Apart from the pictures, return every line of the listing exactly.

Dataset content:
↓

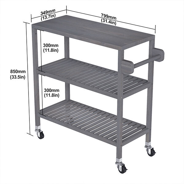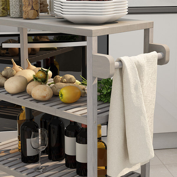 İki açık raf, çeşitli mutfak eşyaları veya cihazlar için harika bir depolama alanı sağlar. Arabanın bir ucunda, arabayı hareket ettirirken rahat bir tutuş sağlayan bir havlu rafı bulunur.
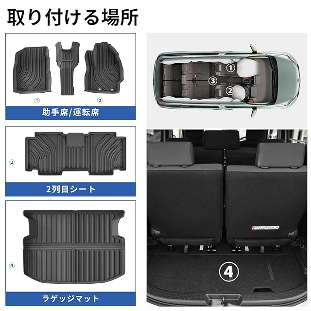 【車種専用設計・取付簡単】車種専用に設計されていることにより、車内に隙間なくフィットします。マットには固定用のストッパーホールが設置しておくので、車体の純正ストッパーでマットをフロアまで固定するだけで、ネジを使わずに、運転の安全性を高めました。商品を折り畳んだ状態で発送したため、折り目が付いた可能性がございます。到着後にお湯やドライヤーなどで暖めれば元の状態に戻ります。
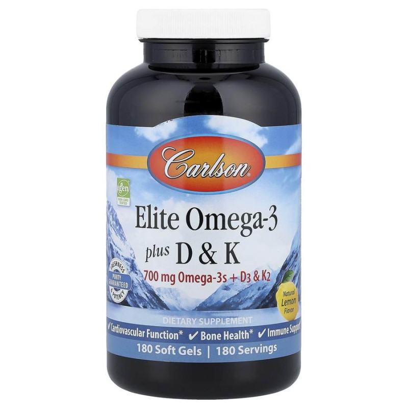 Elite Omega-3 Plus D&K від Carlson – це преміальний комплекс, що поєднує омега-3 жирні кислоти, вітамін D3 та вітамін K2 (MenaQ7®). Формула створена для повноцінного харчування клітин та участі в обмінних процесах, пов'язаних зі станом судин, кісток та метаболізмом ліпідів.

↑

Result for this task:
 İki açık raf, çeşitli mutfak eşyaları veya cihazlar için harika bir depolama alanı sağlar. Arabanın bir ucunda, arabayı hareket ettirirken rahat bir tutuş sağlayan bir havlu rafı bulunur.
 【車種専用設計・取付簡単】車種専用に設計されていることにより、車内に隙間なくフィットします。マットには固定用のストッパーホールが設置しておくので、車体の純正ストッパーでマットをフロアまで固定するだけで、ネジを使わずに、運転の安全性を高めました。商品を折り畳んだ状態で発送したため、折り目が付いた可能性がございます。到着後にお湯やドライヤーなどで暖めれば元の状態に戻ります。
 Elite Omega-3 Plus D&K від Carlson – це преміальний комплекс, що поєднує омега-3 жирні кислоти, вітамін D3 та вітамін K2 (MenaQ7®). Формула створена для повноцінного харчування клітин та участі в обмінних процесах, пов'язаних зі станом судин, кісток та метаболізмом ліпідів.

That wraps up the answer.